David Hey Ho

Mots, textes, interviews et vidéos

Le doute m'habite

Résumé de l'article précédent : "je suis un connard."

Un individu de mouvance blog tendance grincheuse et d'obédience "fuck la planète je suis libre un max" m'a laissé un message exsangue de courtoisie me mettant devant le fait accompli d'une vie ratée et d'un intellect à coquille mais sans perle dont le rayonnement provoque haut-le-coeur et antipathie. La raison, un commentaire que je me suis senti obligé de lui laisser suite à des propos irréfléchis et à l'attaque en règle d'une amie dont je connais la force mais aussi la sensibilité. Les mots ne sont pas anodins. "Les mots sont des armes de jet et des armes d'hast, ils ont l'air innocents quand on les dit, aussitôt lancés, ils s'aiguisent comme des dards et vont cribler de traits l'interlocuteur." disait Juan Manuel De Prada dans La tempête. Merci Google. L'éventuelle bonhomie d'un propos n'enlève rien au tranchant de l’invective. Le sourire du diable s'invite en filigrane sur les réseaux sociaux. L'effet boule de neige offre une caisse de résonance pouvant mener les plus sensibles à une caisse définitive sous les racines des saules pleureurs et des âmes en peine. Au fil des morts, les mots trop forts tuent plus qu'ils ne blessent en ce vingt-et-unième siècle qui sera harceleur ou ne sera pas.

Nous n'avons jamais aussi bien vécu, plus longtemps qu'aucun autre humain avant nous. La souffrance face aux mots quant à elle reste la même qu’au temps du premier verbe. Chance et tuile cohabitent comme une chatte sur un toit brûlant. L'avenir est un félin qui ne fera pas même cas de l'enfant et de son avatar “on the net”. Lili et la petite souris l'amenant à surfer sur la toile du monde s'offrira des merveilles et quelques déconvenues. Mais ces dernières aussi infimes soient-elles, allez savoir pourquoi, seront toujours plus fortes, toujours plus assassines.

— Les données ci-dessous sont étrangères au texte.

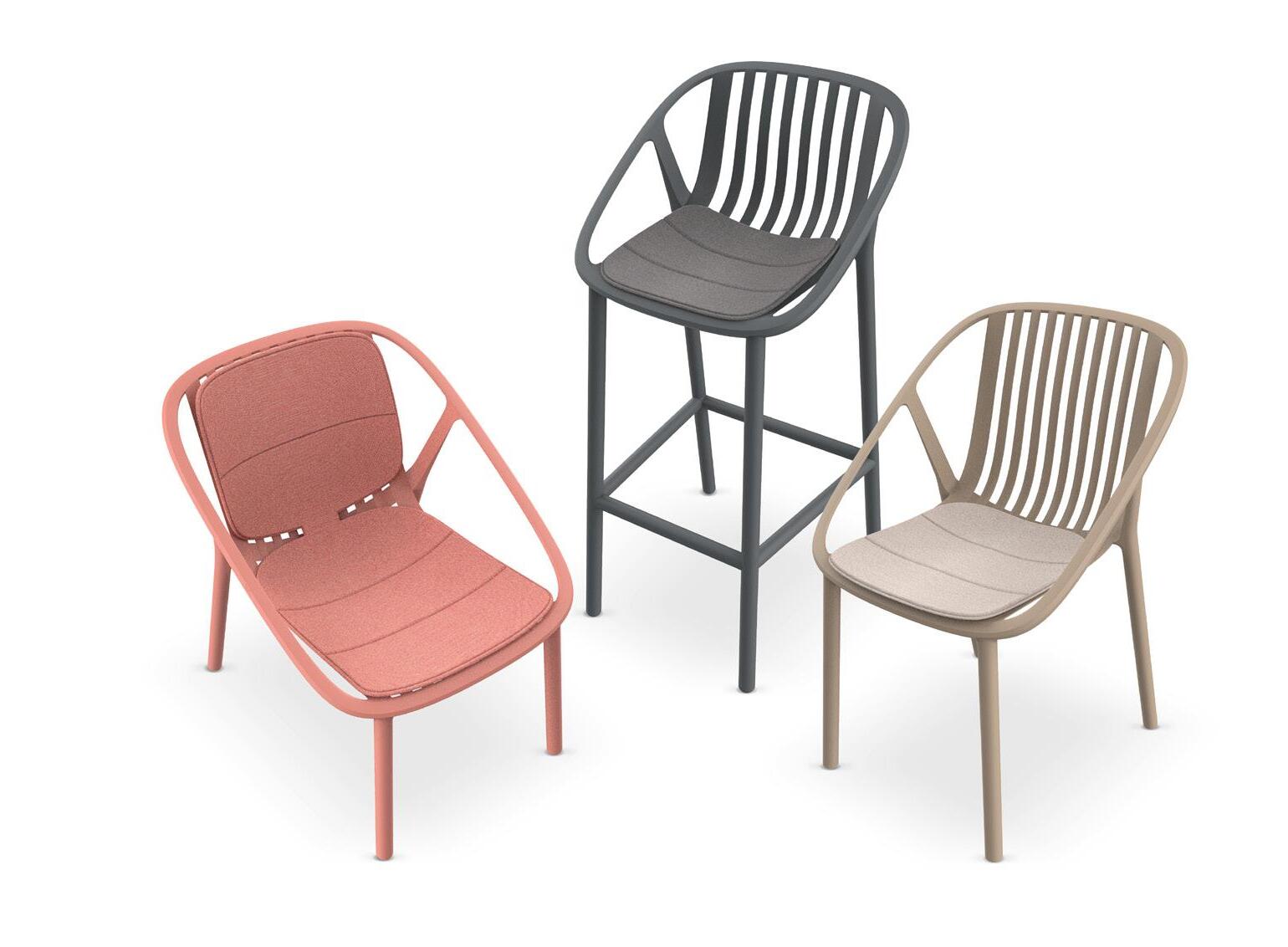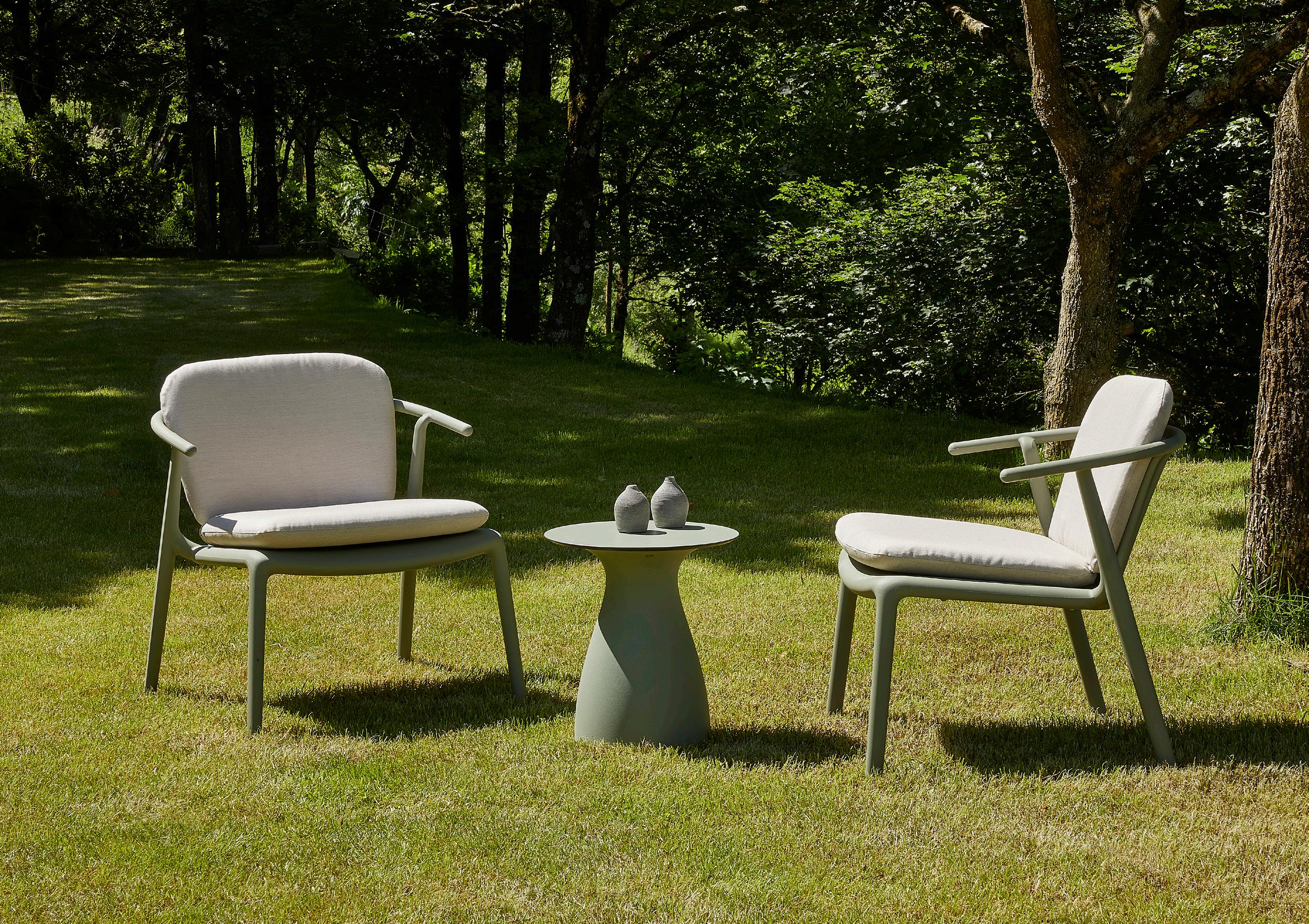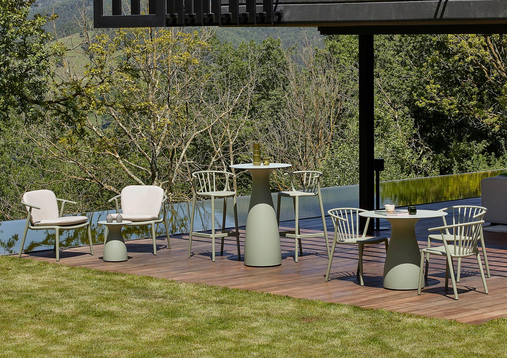 La colección Anou vuelve renovada, con mejoras que refuerzan su elegancia, confort y compromiso sostenible. La butaca incorpora carcasa de polipropileno reciclado postconsumo y estructura pintada, restistente y duradera para exterior.

La parité des sentiments n’est pas de mise. La nuit du chat noir s'offre la martingale absolue grâce au village planétaire et à l'anonymat des masses. L'ouverture au monde ne nous protège pas du sadisme des proches. Quand l'âme de Paris rejoint the soul of London, le tunnel sous la manche est clean de toutes intempéries. Le support ne souille pas l'atma des voyageurs. Il n'en est malheureusement pas de même pour l'internet. Nous l'imaginons comme une formidable évolution mais pour certains d'entre nous, les plus jeunes souvent, il est l'objet d'une inexorable chute libre. Mais je m'égare, du Nord ou de saint Pancréas. Un jeu de mot ferme la parenthèse alarmiste. Parce que le mot est drôle itou. L'arme peut se muer en bouquet de fleurs, en rires en cascade, en eau qui fait du bien, en rouge sur les joues, en belles conneries aussi.

La meurtrissure des mots d'avant se cicatrise. Mister connard reprend l’ascendant. Sous le statut de mon amie remerciant à l'émoticône celles et ceux qui l'avaient soutenus dans le drama qu'elle venait de subir, j'ai lu un commentaire qui m’a interloqué : "Ne doute jamais de toi". Je loue l'intention mais m'insurge contre le contenu. Fi du talent sans le doute. C'est lui qui impose de revoir en permanence sa prose, de la peaufiner, de l'améliorer. Souvenez-vous la phrase d'Audiard : "Les cons, ça ose tout ! C'est même à ça qu'on les reconnaît". Le doute empêche de tout oser, empêche le pas de côté qui nous sera néfaste. Le sanguin est une personne intelligente qui a oublié de douter. Doutons de tout même de la mort, doutons de tout sauf de l'amour. Le vrai talent est de savoir précisément quand le doute doit se faire audace.

Ah oui, au fait, si vous avez trouvé le début très sombre, tranchant complètement avec ma production habituelle, c'est que je me suis mis sur la couenne une petite contrainte que devineront, j'espère, la principale intéressée et ses fervents lecteurs. Je ne pense pas forcément tout ce que j'ai écrit. C'était pour le fun. Parce que vivre heureux sera notre plus belle aventure, une aventure que je dédie à mon frère que je sens revivre en ce moment. Je ne saurais être plus heureux pour lui.

Et si les mots ne suffisent plus, il reste d’autres arcs pour vos flèches.